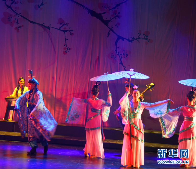 演出节目有民族歌舞、器乐、杂技等,舞台设计简约喜庆,具有浓浓的中国味。汉唐宫廷乐舞《舞之韵》和古典舞《竹枝词》表现了中华民族悠久的文化传承和多姿多彩的艺术风格,而民乐合奏的《独克宗》则展示了中国民族乐器委婉悠扬, 叫人流连忘返。杂技《抖杠》,演员双人空中转体720度转体等高难度动作,展现了力与美、刚与柔完美统一,让人叹为观止。
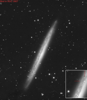 | Equipment: | RC10, L-Pro filter | | Exposure: | 24 x 120s | | Location: | Salcombe Regis, East Devon | | Observer: | David Strange | | Target name: | NGC 5907 |
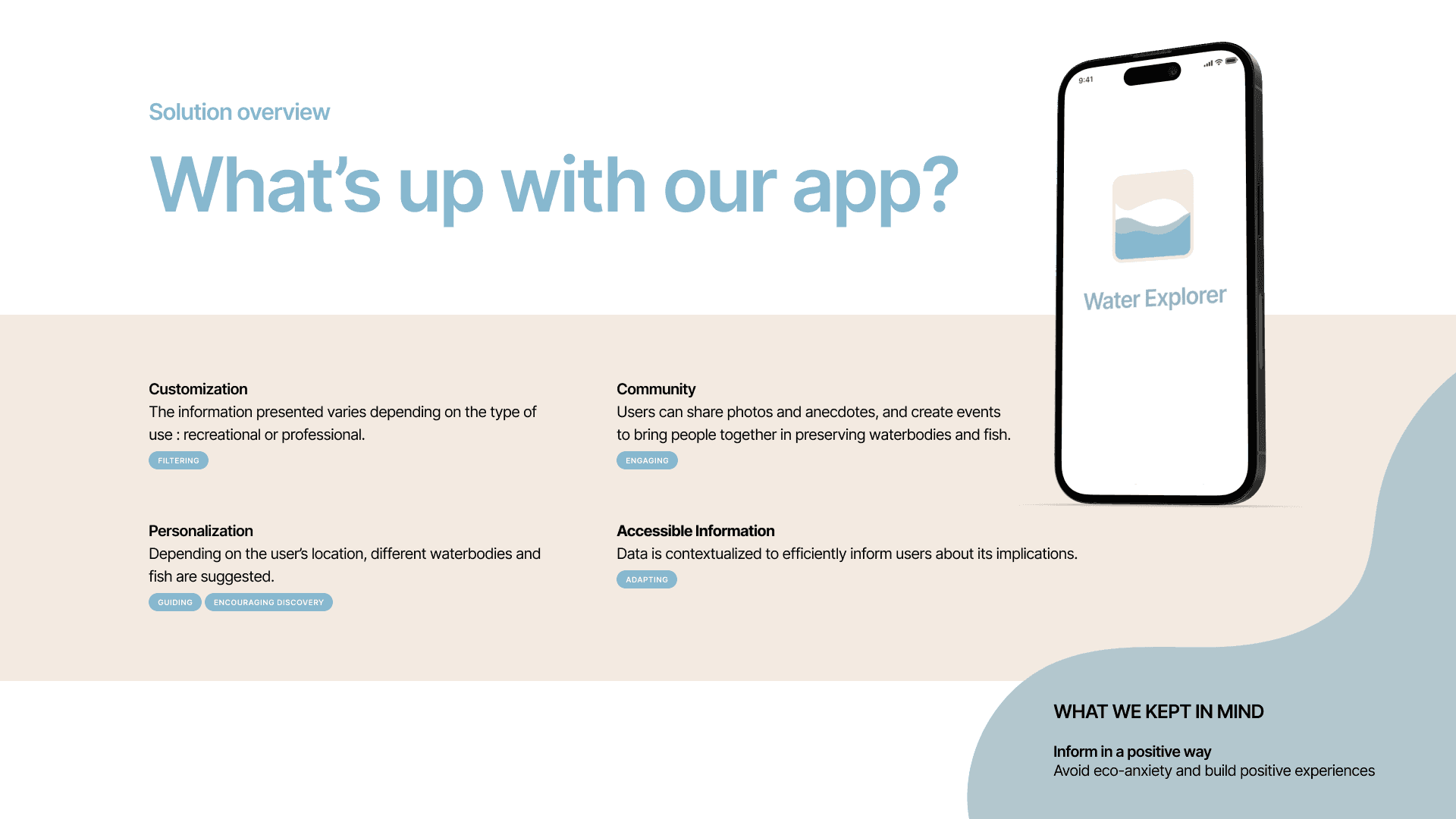 Water Explorer aims to connect communities to local water bodies and aquatic endangered species. We aim to design an interactive platform that informs users of their surrounding waterbodies that accommodates various knowledge levels.
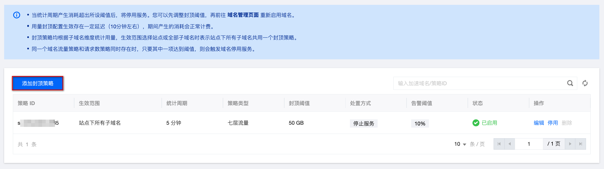 封顶配置 | 选择封顶配置的策略类型,同一个域名流量、带宽和请求数策略同时存在时,只要其中一项达到阈值,则会触发域名停用服务: 七层流量:表示对七层流量设置最高封顶阈值,单位可选择 MB,GB,TB。 HTTP/HTTPS 请求数:表示对 HTTP/HTTPS 请求数设置最高封顶阈值,单位可选择万次,百万次,亿次。 七层带宽:表示对七层带宽设置最高封顶阈值,单位可选择 Mbps,Gbps,Tbps。 |
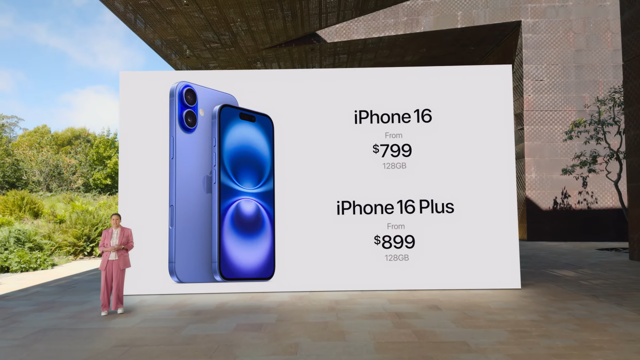 جاء هاتف آيفون iPhone 16 الأساسى بسعر يبدأ من 799 دولارًا مع سعة تخزين 128 جيجابايت، بينما يبدأ سعر ايفون 16 بلس iPhone 16 Plus من 899 دولارًا، فى حين يبدأ سعر آيفون 16 برو من 999 دولارا لسعة تخزين 128جيجا، ويبدأ سعر هاتف آيفون 16 برو ماكس من 1199 دولارا بسعه تخزين 256 جيجا.
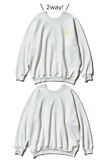 前後どちらでも着られる2WAY仕様で、その日の気分に合わせて首元の開き具合を調整可能。単なる白スエットで終わらない理由は、胸元のネオンロゴのアクセント。ルーズなシルエットの中に、小さなスパイスの効いた1着。
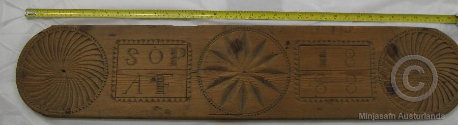 Í miðju og á endum eru skornar hringmyndaðar rósir. Jafnframt er skorið í fjölina: "S.Ó.P.Á.F. 1888". Rúmfjölin var keypt af Sigurrós Gísladóttur, einsetukonu á Hraunum hjá Hóli í Breiðdal ( f. 22.09.1875, d. 1965.) ásamt 5 öðrum gripum sem kostuðu samtals 70.00 kr. Fangamarkið á fjölinni á ekki við hana, trúlega er hér um karlmannsnafn að ræða. Sigurrós var dóttir Gísla Erlendssonar bónda í Gautavík og Krossgerði og Sigurlaugar Sigurðardóttur (launbarn). Sigurrós fór snemma í vist og var á ýmsum bæjum í Breiðdal, lengst á Hóli en síðustu ár ævi sinnar, um 35 ár, bjó hún ein í kofa sem hún reisti þar skammt frá. Fjölin getur því verið komin víða að, þó að flest spjót beinist að Hóli.
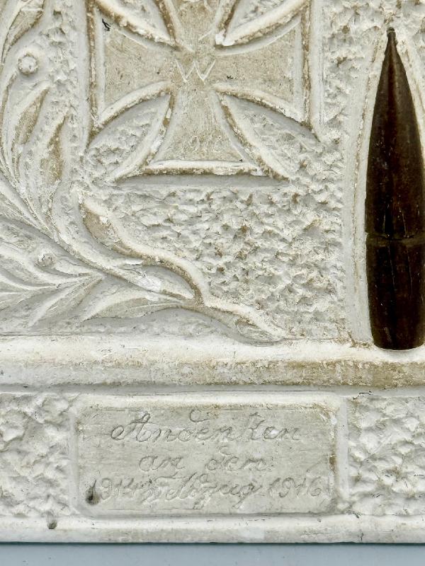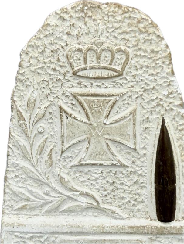 ARTISANAT TRANCHEE ALLEMAND CRAIE SCULPTEE SOUVENIR COMBAT 1914/1916 Travail artisanal de tranché typique allemand, borne en craie sculptée représentant un monument avec croix de fer, couronne impériale et feuilles de laurier. Dans la craie est insérée une ogive de 8mm française tirée. Sur le bas, un cartouche avec l'inscription "Souvenir de la campagne 1914/1916".
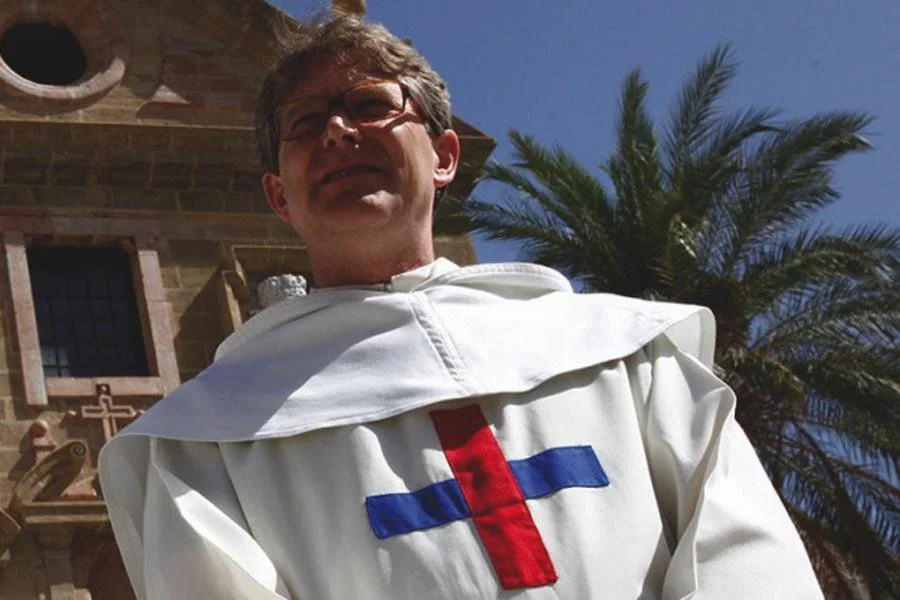 ¿Pero que hace un alemán trinitario en España? ¿Cómo llegó hasta aquí? Su historia vocacional nos impactó a todos sus compañeros. Era un joven que trabajaba en una próspera empresa de marketing en Frankfurt. Un joven de una extensa familia noble del sur de Alemania (de hecho tiene más nombres y apellidos de los que escribe) de tradición cristiana, criado con todo y con mucha exigencia. Un joven que había viajado y experimentado mucho. Un joven con trabajo, vivienda, dinero, amigos, amigas… y sin embargo aún le faltaba algo para dar sentido a su vida. Me encantaba cuando contaba como al pasar por una Iglesia de Frankfurt vio el Signum Ordinis y se quedó totalmente impactado por lo que le sugería aquella imagen de Jesús salvando a un blanco y a un negro, a personas, culturas distintas. Cada vez que pasaba por la puerta se quedaba pensando, hasta que decidió entrar en aquella parroquia por el significado de aquel mosaico. Allí conoció a la comunidad de Trinitarios que atendía a los migrantes españoles y el carisma. Se apasionó por el mensaje tan revolucionario del Signum Ordinis. He de reconocer que ese testimonio también me ayudó a valorar y profundizar más sobre este poderoso signo que nos dejó el propio San Juan de Mata.
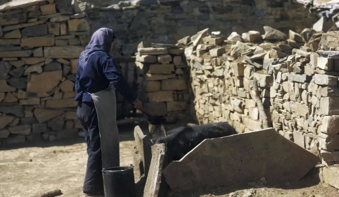 这里是牲口棚的后院,石墙围着,屋里拴着驴马,汉子拿着笤帚打扫圈舍,妇女蹲在地上修具,地上散着麦秸,阳光斜斜照下来,尘土里都带着暖味。
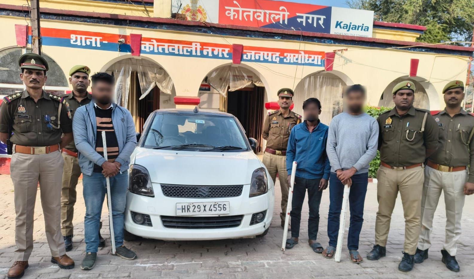 अयोध्या। नगर कोतवाली पुलिस ने पांच दिन पूर्व जप्ती वजीरगंज क्षेत्र में पत्रकार पर हुए प्राणघातक हमले के मामले में तीन आरोपियों को गिरफ्तार किया है। पकड़े गए युवकों के पास से वारदात में प्रयुक्त कार और लोहे का रॉड व डंडा बरामद किया है।
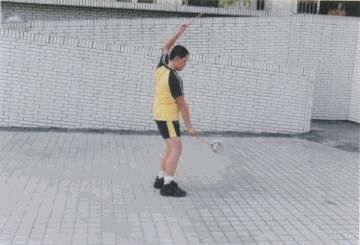 動作要領: 1.成開線V型,迅速將鈴吊向右上方,使兩棍在胸前成直立並平行。 2.兩棍同時由鈴下甩過,一左一右交互甩動。 3.待鈴速趨緩後,再回復運鈴姿勢。 4.左右逢源講求輕巧,千萬不要太用力甩動。 |
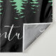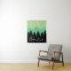 Rustikale Waldbäume Silhouette und Gebirgswand mit dem Wort "Abenteuer" in weißer Schrift.
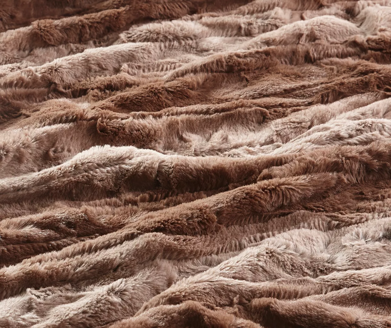 - Material: Face: face and back print brushed long fur, 100% polyester;
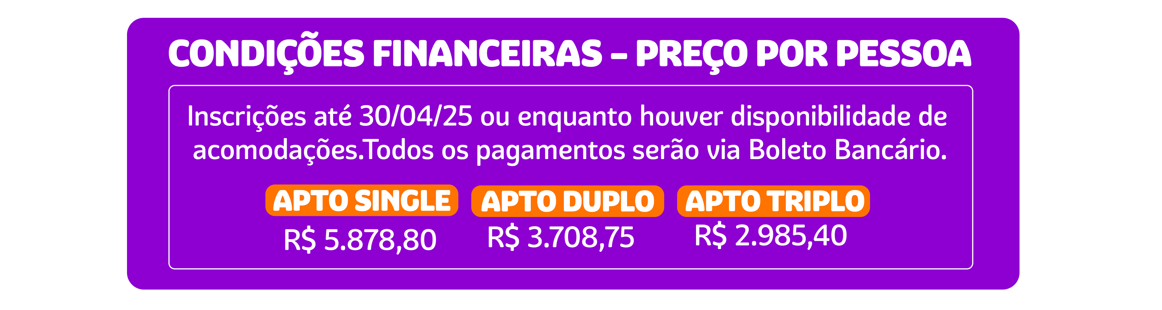 Envie um e-mail com o assunto “INSCRIÇÃO CONVENÇÃO DE FRANQUEADOS” para verificar a disponibilidade de acomodação e valores com a nossa produtora e aguarde um breve retorno.
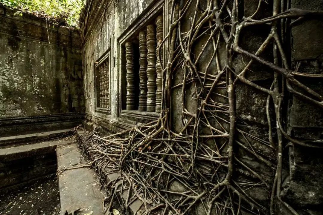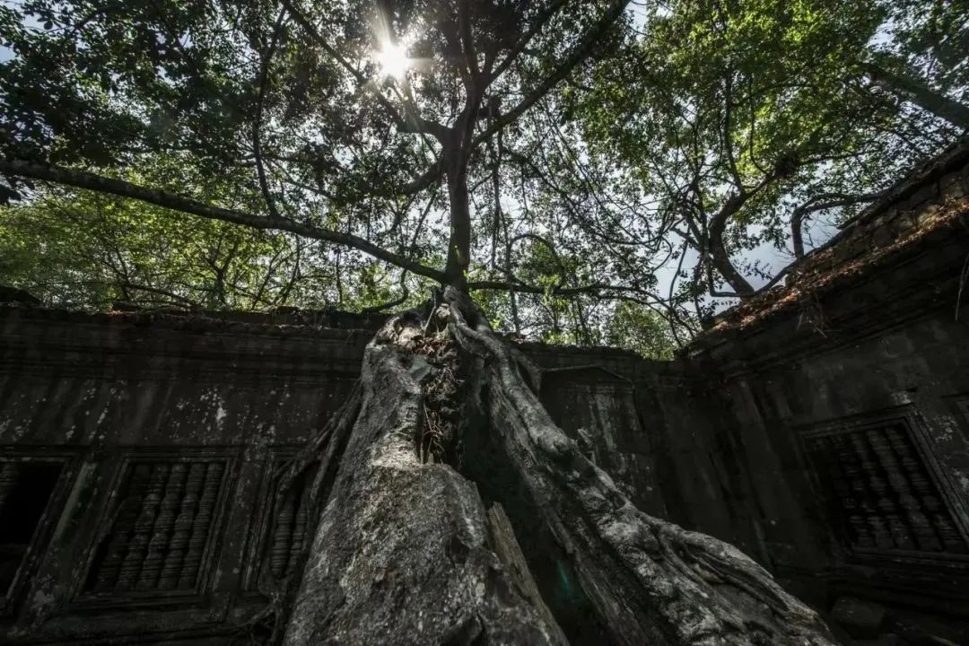 建筑顶端、基底和夹缝中生长着许多参天古树,百年老树缠绕着千年奇石蔚为奇观,这里也是电影《古墓丽影》取景地。
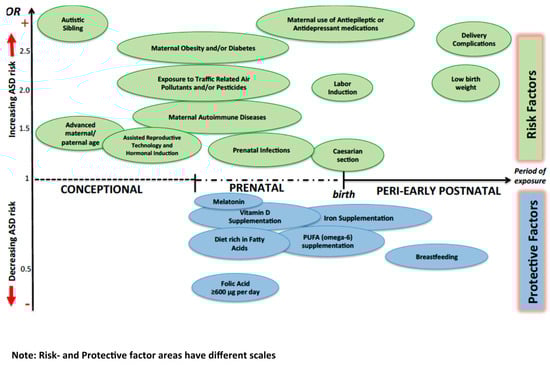As already outlined, our knowledge about possible genetic and environmental risk factors for ASD is improving. However, the individual developmental trajectories and outcomes are not just the result of the influence of risk factors, as the interaction between risk and protective factors has to be considered as well. In the past, protective factors were thought to be just those characteristics inherent to the individual, such as a high intellectual quotient or better social skills. Now, there is an increasing understanding that there is the need to look also at possible pre- and postnatal environmental factors. However, despite the growing interest in the identification of environmental risk factors and their potential prevention in order to decrease ASD risk, to date, little is known about protective factors for ASD. Nevertheless, in the last few years, increasing efforts have been made to try to identify factors that may improve long-term outcomes [].
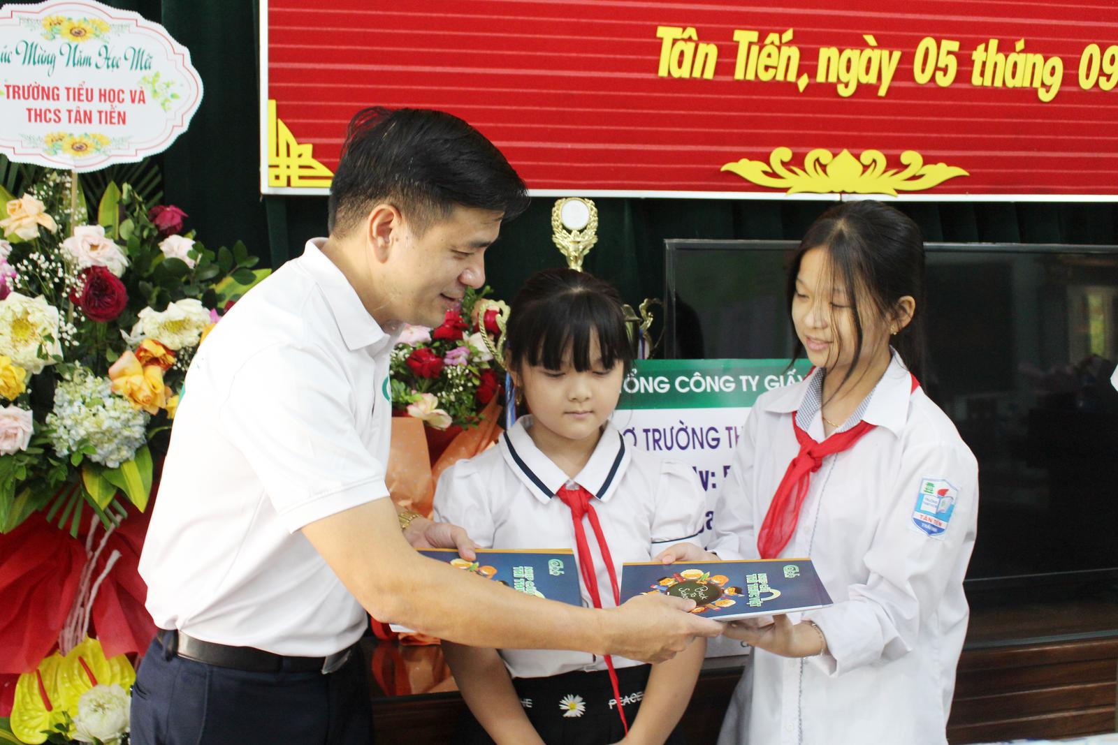 Trưởng Ban Tuyên giáo - Truyền thông VINAPACO Trần Quốc Vượng trao tận tay các em học sinh tại Trường TH và THCS Tân Tiến những quyển vở mang thương hiệu Giấy Bãi Bằng. Ảnh: LP
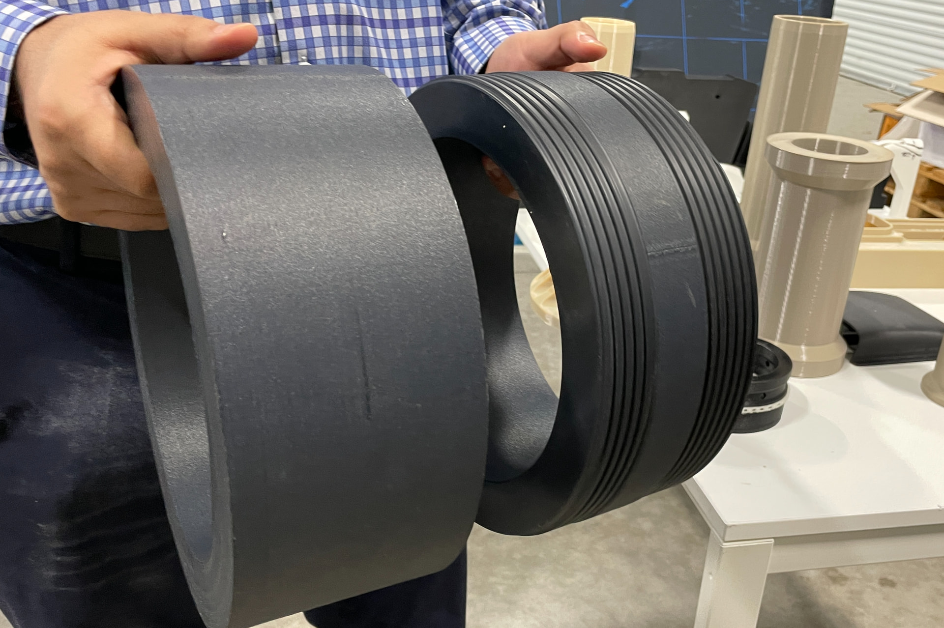 实际零件展示:3D打印/机加工的PEEK油气密封件和管件,黑色为碳纤增强版。

PROBLEM REQUIREMENTS
Only the text of the records belongs in the answer, printed exactly and without pictures.

REPLY TO THE TASK
 演出节目有民族歌舞、器乐、杂技等,舞台设计简约喜庆,具有浓浓的中国味。汉唐宫廷乐舞《舞之韵》和古典舞《竹枝词》表现了中华民族悠久的文化传承和多姿多彩的艺术风格,而民乐合奏的《独克宗》则展示了中国民族乐器委婉悠扬, 叫人流连忘返。杂技《抖杠》,演员双人空中转体720度转体等高难度动作,展现了力与美、刚与柔完美统一,让人叹为观止。
 | Equipment: | RC10, L-Pro filter | | Exposure: | 24 x 120s | | Location: | Salcombe Regis, East Devon | | Observer: | David Strange | | Target name: | NGC 5907 |
 Water Explorer aims to connect communities to local water bodies and aquatic endangered species. We aim to design an interactive platform that informs users of their surrounding waterbodies that accommodates various knowledge levels.
 封顶配置 | 选择封顶配置的策略类型,同一个域名流量、带宽和请求数策略同时存在时,只要其中一项达到阈值,则会触发域名停用服务: 七层流量:表示对七层流量设置最高封顶阈值,单位可选择 MB,GB,TB。 HTTP/HTTPS 请求数:表示对 HTTP/HTTPS 请求数设置最高封顶阈值,单位可选择万次,百万次,亿次。 七层带宽:表示对七层带宽设置最高封顶阈值,单位可选择 Mbps,Gbps,Tbps。 |
 جاء هاتف آيفون iPhone 16 الأساسى بسعر يبدأ من 799 دولارًا مع سعة تخزين 128 جيجابايت، بينما يبدأ سعر ايفون 16 بلس iPhone 16 Plus من 899 دولارًا، فى حين يبدأ سعر آيفون 16 برو من 999 دولارا لسعة تخزين 128جيجا، ويبدأ سعر هاتف آيفون 16 برو ماكس من 1199 دولارا بسعه تخزين 256 جيجا.
 前後どちらでも着られる2WAY仕様で、その日の気分に合わせて首元の開き具合を調整可能。単なる白スエットで終わらない理由は、胸元のネオンロゴのアクセント。ルーズなシルエットの中に、小さなスパイスの効いた1着。
 Í miðju og á endum eru skornar hringmyndaðar rósir. Jafnframt er skorið í fjölina: "S.Ó.P.Á.F. 1888". Rúmfjölin var keypt af Sigurrós Gísladóttur, einsetukonu á Hraunum hjá Hóli í Breiðdal ( f. 22.09.1875, d. 1965.) ásamt 5 öðrum gripum sem kostuðu samtals 70.00 kr. Fangamarkið á fjölinni á ekki við hana, trúlega er hér um karlmannsnafn að ræða. Sigurrós var dóttir Gísla Erlendssonar bónda í Gautavík og Krossgerði og Sigurlaugar Sigurðardóttur (launbarn). Sigurrós fór snemma í vist og var á ýmsum bæjum í Breiðdal, lengst á Hóli en síðustu ár ævi sinnar, um 35 ár, bjó hún ein í kofa sem hún reisti þar skammt frá. Fjölin getur því verið komin víða að, þó að flest spjót beinist að Hóli.
 ARTISANAT TRANCHEE ALLEMAND CRAIE SCULPTEE SOUVENIR COMBAT 1914/1916 Travail artisanal de tranché typique allemand, borne en craie sculptée représentant un monument avec croix de fer, couronne impériale et feuilles de laurier. Dans la craie est insérée une ogive de 8mm française tirée. Sur le bas, un cartouche avec l'inscription "Souvenir de la campagne 1914/1916".
 ¿Pero que hace un alemán trinitario en España? ¿Cómo llegó hasta aquí? Su historia vocacional nos impactó a todos sus compañeros. Era un joven que trabajaba en una próspera empresa de marketing en Frankfurt. Un joven de una extensa familia noble del sur de Alemania (de hecho tiene más nombres y apellidos de los que escribe) de tradición cristiana, criado con todo y con mucha exigencia. Un joven que había viajado y experimentado mucho. Un joven con trabajo, vivienda, dinero, amigos, amigas… y sin embargo aún le faltaba algo para dar sentido a su vida. Me encantaba cuando contaba como al pasar por una Iglesia de Frankfurt vio el Signum Ordinis y se quedó totalmente impactado por lo que le sugería aquella imagen de Jesús salvando a un blanco y a un negro, a personas, culturas distintas. Cada vez que pasaba por la puerta se quedaba pensando, hasta que decidió entrar en aquella parroquia por el significado de aquel mosaico. Allí conoció a la comunidad de Trinitarios que atendía a los migrantes españoles y el carisma. Se apasionó por el mensaje tan revolucionario del Signum Ordinis. He de reconocer que ese testimonio también me ayudó a valorar y profundizar más sobre este poderoso signo que nos dejó el propio San Juan de Mata.
 这里是牲口棚的后院,石墙围着,屋里拴着驴马,汉子拿着笤帚打扫圈舍,妇女蹲在地上修具,地上散着麦秸,阳光斜斜照下来,尘土里都带着暖味。
 अयोध्या। नगर कोतवाली पुलिस ने पांच दिन पूर्व जप्ती वजीरगंज क्षेत्र में पत्रकार पर हुए प्राणघातक हमले के मामले में तीन आरोपियों को गिरफ्तार किया है। पकड़े गए युवकों के पास से वारदात में प्रयुक्त कार और लोहे का रॉड व डंडा बरामद किया है।
 動作要領: 1.成開線V型,迅速將鈴吊向右上方,使兩棍在胸前成直立並平行。 2.兩棍同時由鈴下甩過,一左一右交互甩動。 3.待鈴速趨緩後,再回復運鈴姿勢。 4.左右逢源講求輕巧,千萬不要太用力甩動。 |
 Rustikale Waldbäume Silhouette und Gebirgswand mit dem Wort "Abenteuer" in weißer Schrift.
 - Material: Face: face and back print brushed long fur, 100% polyester;
 Envie um e-mail com o assunto “INSCRIÇÃO CONVENÇÃO DE FRANQUEADOS” para verificar a disponibilidade de acomodação e valores com a nossa produtora e aguarde um breve retorno.
 建筑顶端、基底和夹缝中生长着许多参天古树,百年老树缠绕着千年奇石蔚为奇观,这里也是电影《古墓丽影》取景地。
As already outlined, our knowledge about possible genetic and environmental risk factors for ASD is improving. However, the individual developmental trajectories and outcomes are not just the result of the influence of risk factors, as the interaction between risk and protective factors has to be considered as well. In the past, protective factors were thought to be just those characteristics inherent to the individual, such as a high intellectual quotient or better social skills. Now, there is an increasing understanding that there is the need to look also at possible pre- and postnatal environmental factors. However, despite the growing interest in the identification of environmental risk factors and their potential prevention in order to decrease ASD risk, to date, little is known about protective factors for ASD. Nevertheless, in the last few years, increasing efforts have been made to try to identify factors that may improve long-term outcomes [].
 Trưởng Ban Tuyên giáo - Truyền thông VINAPACO Trần Quốc Vượng trao tận tay các em học sinh tại Trường TH và THCS Tân Tiến những quyển vở mang thương hiệu Giấy Bãi Bằng. Ảnh: LP
 实际零件展示:3D打印/机加工的PEEK油气密封件和管件,黑色为碳纤增强版。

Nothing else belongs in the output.